[Start of section]

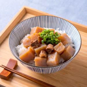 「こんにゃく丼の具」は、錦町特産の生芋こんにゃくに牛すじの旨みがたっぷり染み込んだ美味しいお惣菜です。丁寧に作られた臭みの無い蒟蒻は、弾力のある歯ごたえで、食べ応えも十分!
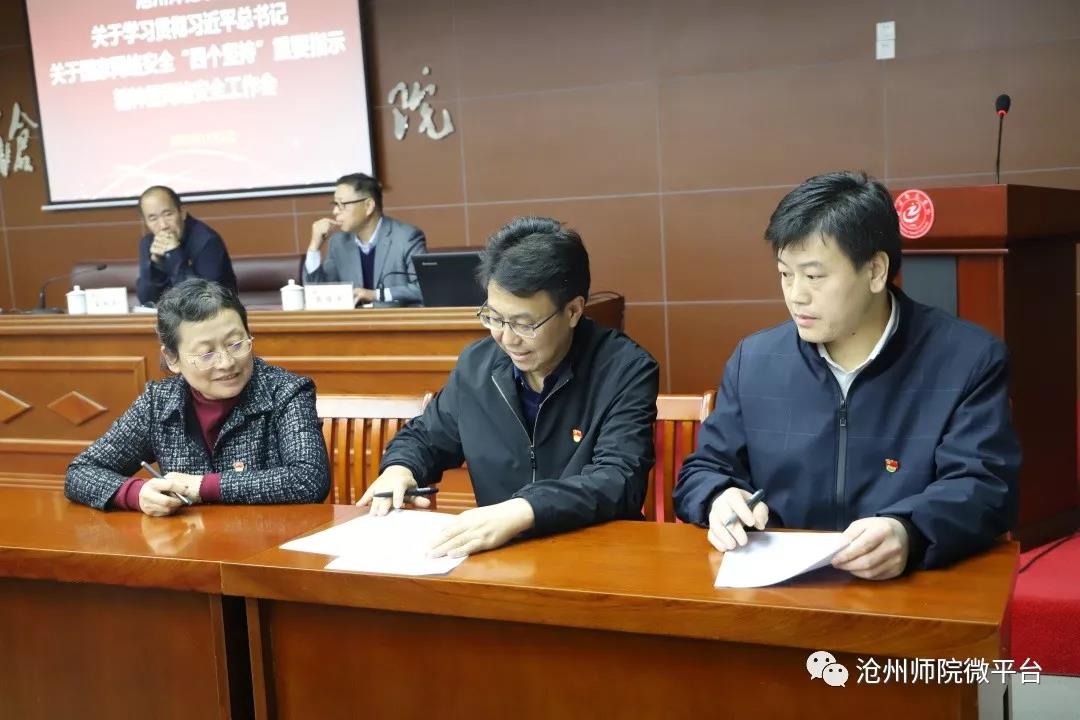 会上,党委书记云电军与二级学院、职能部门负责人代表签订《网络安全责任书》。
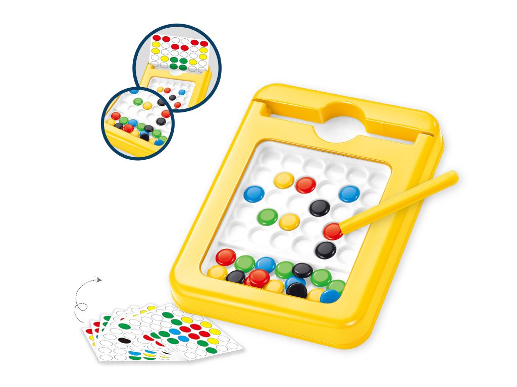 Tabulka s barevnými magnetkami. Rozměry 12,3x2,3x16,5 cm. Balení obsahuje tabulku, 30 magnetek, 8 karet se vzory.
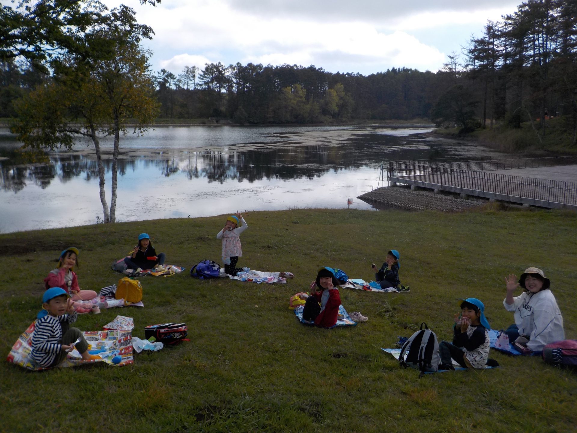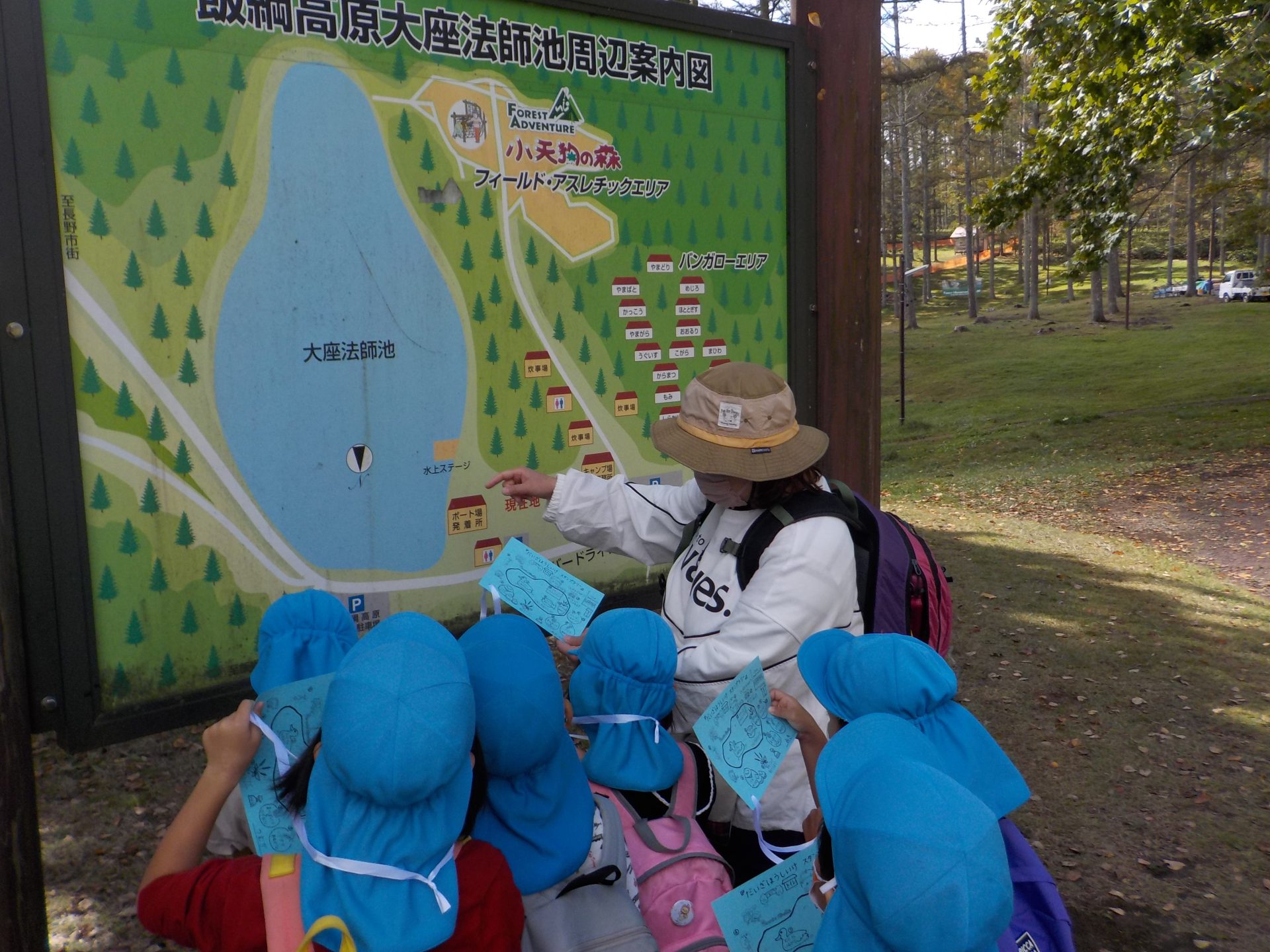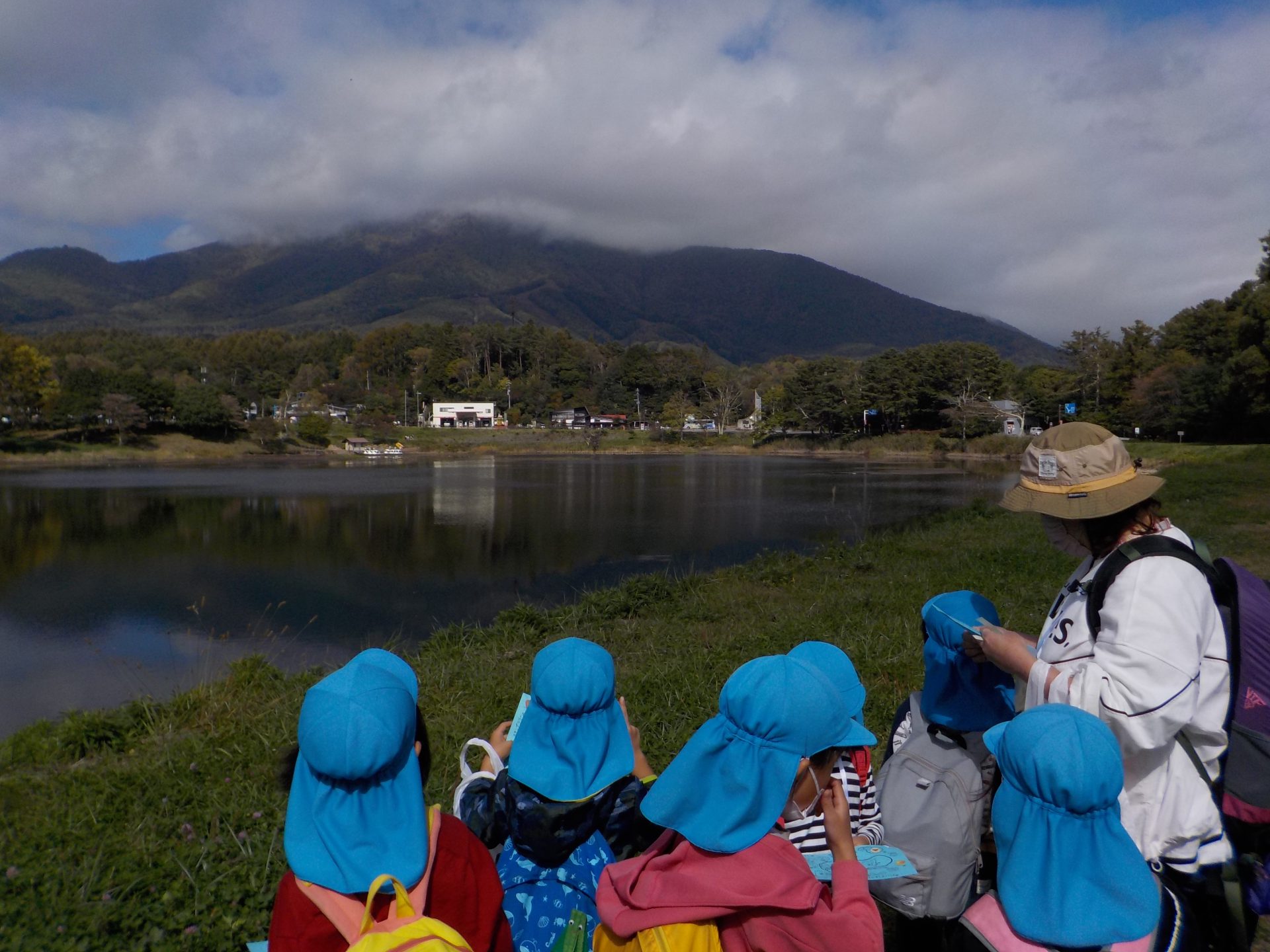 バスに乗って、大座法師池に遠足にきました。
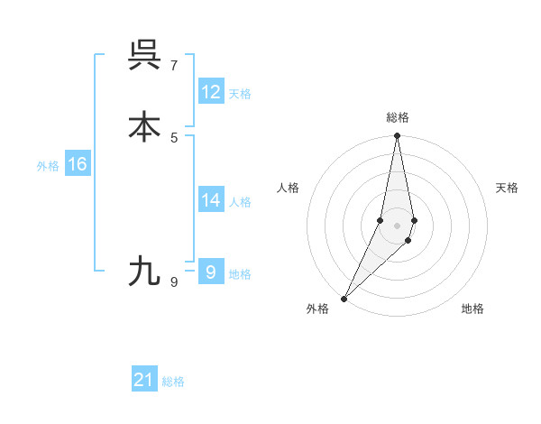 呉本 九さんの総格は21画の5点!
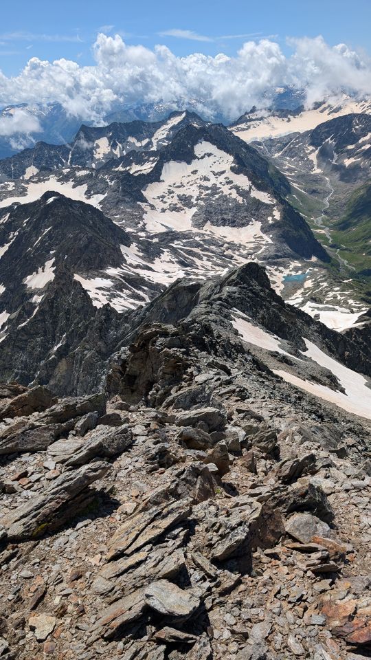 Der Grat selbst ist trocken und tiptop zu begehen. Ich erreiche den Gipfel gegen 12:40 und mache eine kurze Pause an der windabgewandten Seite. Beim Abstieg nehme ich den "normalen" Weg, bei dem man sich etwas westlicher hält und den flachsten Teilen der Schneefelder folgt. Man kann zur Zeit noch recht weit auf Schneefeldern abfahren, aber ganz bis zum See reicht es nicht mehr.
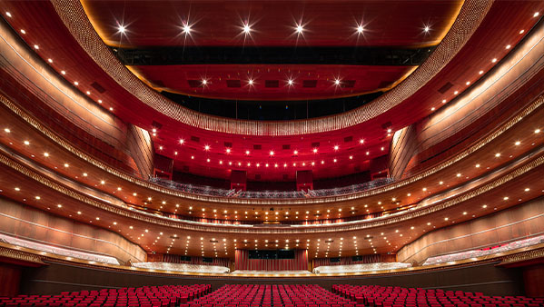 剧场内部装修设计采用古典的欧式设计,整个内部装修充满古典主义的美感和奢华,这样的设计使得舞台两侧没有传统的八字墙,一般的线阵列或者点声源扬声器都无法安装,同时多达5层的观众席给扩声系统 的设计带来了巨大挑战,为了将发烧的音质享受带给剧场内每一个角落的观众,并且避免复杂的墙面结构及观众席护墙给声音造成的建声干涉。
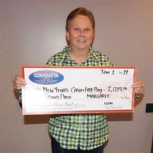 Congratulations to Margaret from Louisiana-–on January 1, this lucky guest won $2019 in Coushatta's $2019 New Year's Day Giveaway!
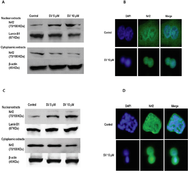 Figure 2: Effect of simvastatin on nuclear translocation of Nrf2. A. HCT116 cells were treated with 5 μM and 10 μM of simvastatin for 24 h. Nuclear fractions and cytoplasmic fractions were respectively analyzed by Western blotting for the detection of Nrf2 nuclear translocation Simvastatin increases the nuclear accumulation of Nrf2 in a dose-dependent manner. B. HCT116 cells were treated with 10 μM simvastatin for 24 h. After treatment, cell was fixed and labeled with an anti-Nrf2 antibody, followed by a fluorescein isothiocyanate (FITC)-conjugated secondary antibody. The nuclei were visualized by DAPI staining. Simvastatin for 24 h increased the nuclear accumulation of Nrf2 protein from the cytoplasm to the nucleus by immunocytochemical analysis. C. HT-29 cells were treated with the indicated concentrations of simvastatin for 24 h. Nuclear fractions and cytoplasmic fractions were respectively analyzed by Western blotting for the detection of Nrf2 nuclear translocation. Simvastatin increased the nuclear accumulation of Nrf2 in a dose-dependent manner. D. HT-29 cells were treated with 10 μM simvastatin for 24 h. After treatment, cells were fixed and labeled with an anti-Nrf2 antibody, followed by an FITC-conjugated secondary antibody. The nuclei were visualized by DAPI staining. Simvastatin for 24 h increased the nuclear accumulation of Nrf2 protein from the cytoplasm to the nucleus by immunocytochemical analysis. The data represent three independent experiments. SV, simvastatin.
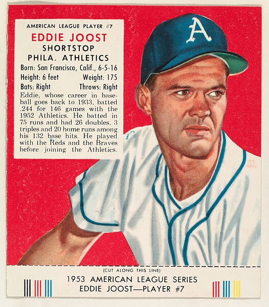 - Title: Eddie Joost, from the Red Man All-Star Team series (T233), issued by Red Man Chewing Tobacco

[End of section]

» **Problem**:
All lines from the start of the entries above through the line containing "Congratulations to Margaret" are to be given again exactly; the pictures are not.

» **Exercise output**:
 「こんにゃく丼の具」は、錦町特産の生芋こんにゃくに牛すじの旨みがたっぷり染み込んだ美味しいお惣菜です。丁寧に作られた臭みの無い蒟蒻は、弾力のある歯ごたえで、食べ応えも十分!
 会上,党委书记云电军与二级学院、职能部门负责人代表签订《网络安全责任书》。
 Tabulka s barevnými magnetkami. Rozměry 12,3x2,3x16,5 cm. Balení obsahuje tabulku, 30 magnetek, 8 karet se vzory.
 バスに乗って、大座法師池に遠足にきました。
 呉本 九さんの総格は21画の5点!
 Der Grat selbst ist trocken und tiptop zu begehen. Ich erreiche den Gipfel gegen 12:40 und mache eine kurze Pause an der windabgewandten Seite. Beim Abstieg nehme ich den "normalen" Weg, bei dem man sich etwas westlicher hält und den flachsten Teilen der Schneefelder folgt. Man kann zur Zeit noch recht weit auf Schneefeldern abfahren, aber ganz bis zum See reicht es nicht mehr.
 剧场内部装修设计采用古典的欧式设计,整个内部装修充满古典主义的美感和奢华,这样的设计使得舞台两侧没有传统的八字墙,一般的线阵列或者点声源扬声器都无法安装,同时多达5层的观众席给扩声系统 的设计带来了巨大挑战,为了将发烧的音质享受带给剧场内每一个角落的观众,并且避免复杂的墙面结构及观众席护墙给声音造成的建声干涉。
 Congratulations to Margaret from Louisiana-–on January 1, this lucky guest won $2019 in Coushatta's $2019 New Year's Day Giveaway!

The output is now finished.